Your goal ▸
Exactly the lines from the beginning of the listing below through the line that contains "Закрытый из-за снегопада" should be transcribed, and pictures must stay out.

Data section ▸
<<<<
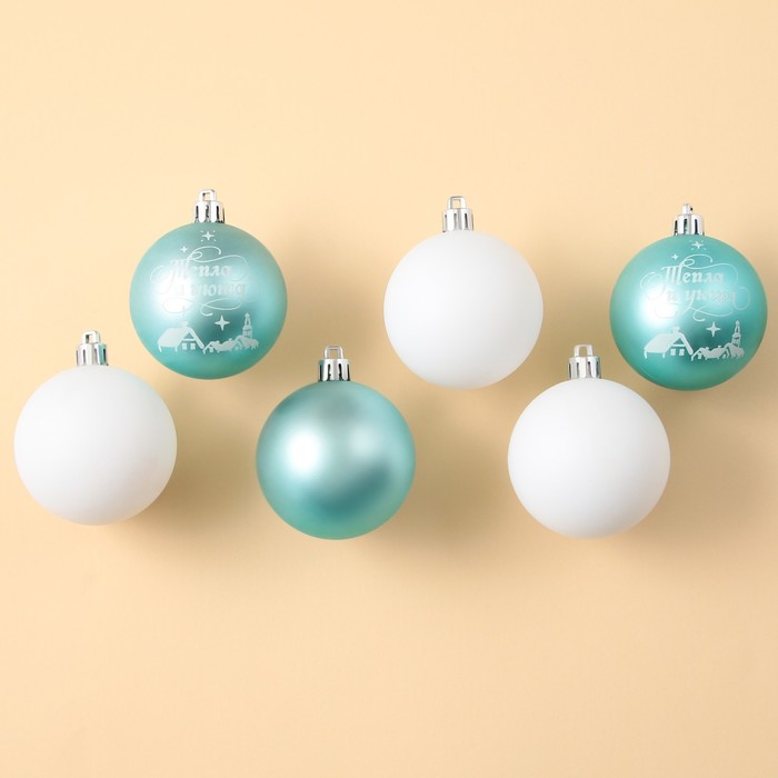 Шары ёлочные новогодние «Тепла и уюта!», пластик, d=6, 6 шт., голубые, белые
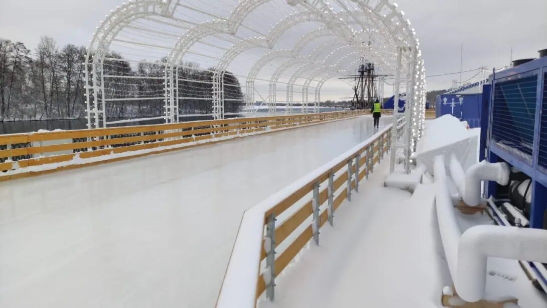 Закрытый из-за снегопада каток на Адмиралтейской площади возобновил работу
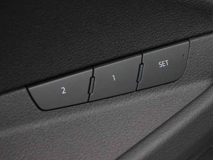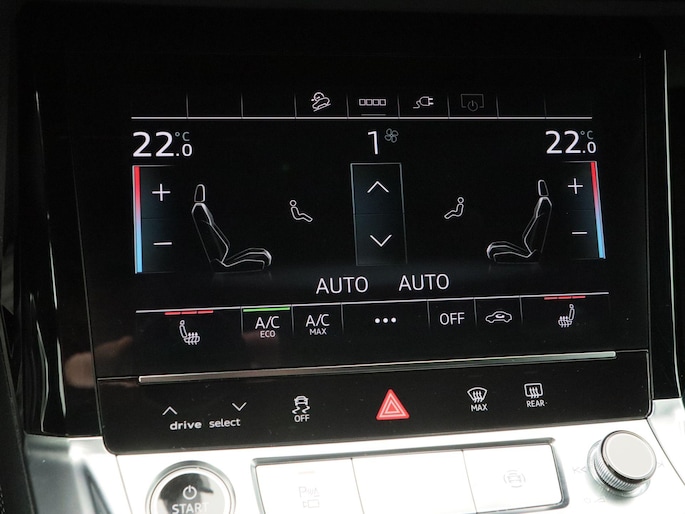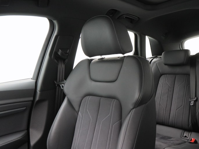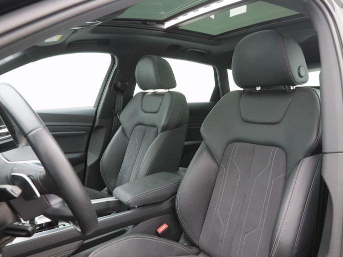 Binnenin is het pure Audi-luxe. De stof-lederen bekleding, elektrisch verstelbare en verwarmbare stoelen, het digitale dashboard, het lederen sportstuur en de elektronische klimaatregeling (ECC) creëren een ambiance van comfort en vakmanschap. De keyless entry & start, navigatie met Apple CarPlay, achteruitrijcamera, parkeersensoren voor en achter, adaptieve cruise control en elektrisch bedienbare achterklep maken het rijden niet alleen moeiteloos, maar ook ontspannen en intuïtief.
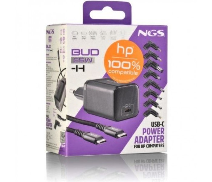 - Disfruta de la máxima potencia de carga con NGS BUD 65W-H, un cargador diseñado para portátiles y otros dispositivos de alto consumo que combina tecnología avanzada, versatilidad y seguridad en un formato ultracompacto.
>>>>
The answer ▸
 Шары ёлочные новогодние «Тепла и уюта!», пластик, d=6, 6 шт., голубые, белые
 Закрытый из-за снегопада каток на Адмиралтейской площади возобновил работу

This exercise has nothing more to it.